SELECT OrderID, dbo.TwoTimes(Quantity) AS Extra
FROM [Order Details]

Another nice extension to the language is the addition of indexed views. You can use the CREATE INDEX statement on the results of a view to improve the response time of future statements that retrieve data from that view. New data types in T-SQL include bigint for eight-byte integers, sql_variant for storage of variant data (and tighter integration with, for example, Visual Basic applications), and table for temporary storage of result sets for later use. Many developers will be pleased to know that cascading declarative referential integrity is now fully supported. For those using triggers for custom processing, INSTEAD OF and AFTER triggers are welcome improvements as well. All of this T-SQL is wrapped up in the latest iteration of SQL Server Query Analyzer. Figure 4 shows this tool in its SQL Server 2000 version.

Figure 4. SQL Server Query Analyzer. Note the separate server and client impact analyses.

The Object Browser window offers drag-and-drop access to both the objects in your databases and templates for common bits of SQL (and, yes, you can add your own templates to the list). You can also trace both the client and server impact of queries directly from query analyzer, as well as estimate the execution plan without actually executing the query.

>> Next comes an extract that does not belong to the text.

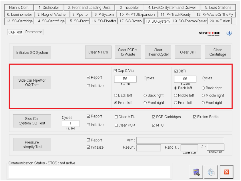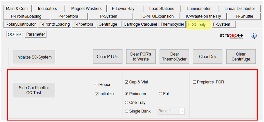 - From the F-SC-System tab, select Side Car Pipettor OQ-Test.

Should You Sign Up for a Test Drive?

Feature lists are a thing of joy to marketers and developers, but for the business side, there’s really only one question: Is it worth spending the money to upgrade to a new version of a complex and core program such as SQL Server? After working with beta versions for most of a year, I can see several key situations where the upgrade is immediately justified:

  • If your organization has made a commitment to new technologies such as XML, Active Directory, or Kerberos, you’ll appreciate the integration with these features.
  • If you’re running a large Web site or internal application that’s pushing the limits of SQL Server 7.0, the improved scalability in SQL Server 2000 will remove those limits. If you have a large amount of data to analyze from a business perspective, Analysis Services can pay for the cost of the upgrade all by itself.
  • If you have many servers to administer and develop with, the incremental improvements to both the administrative and development tools can make a substantial difference in your productivity.

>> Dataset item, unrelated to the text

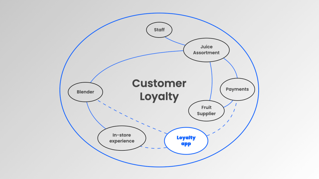 As you’d expect, the product manager is laser focused on constantly improving and optimising the loyalty app. The question though is whether the PM for the Joe & The Juice Loyalty App is ignoring other aspects of the Joe & The Juice system to their detriment. Think of the customer experience in-store, the quality of the fruit or the experience levels of the ‘juicers’ in-store. The point is that all these aspects AND the loyalty app are part of the wider system that is customer loyalty.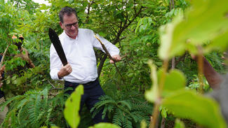 Da biegt ein Tross von zehn Autos um die Kurve. Die Frauen der Genossenschaft stimmen ein Willkommenslied an, Chief Chilu geht zum Wagen des Ministers und grüßt ihn freundlich. Müller ziert sich nicht lange, fragt nach Erfahrungen und Herausforderungen bei der Waldbewirtschaftung. Dann nimmt ihn Chilu an die Hand und in den Wald hinein. Der Chief und der Minister gehen zu einem Baum, der noch beschnitten werden muss. Chilu erklärt: „Hier sind viele schwache Seitentriebe. Die verzögern das Wachstum und müssen weg.“ Chilu hackt mit der Machete auf die dürren Äste ein. Dann stoppt er und fragt Gerd Müller: „Auch mal?“ Der zögert nicht, packt die Machete am zerflederten Plastikgriff und wenige Schläge später liegen die überflüssigen Äste auf dem Waldboden.

Of course, as with any other business-critical software, you should approach a database server upgrade with caution. If at all possible, install SQL Server 2000 on a test server and run your own application in that environment before rolling it out on your production servers. Microsoft makes this process easy with evaluation copies and a wealth of information on the SQL Server Web site at www.microsoft.com/sql/default.htm. Speaking personally, I’ve found SQL Server 2000 to be a polished and stable release, and I look forward to helping my clients implement it.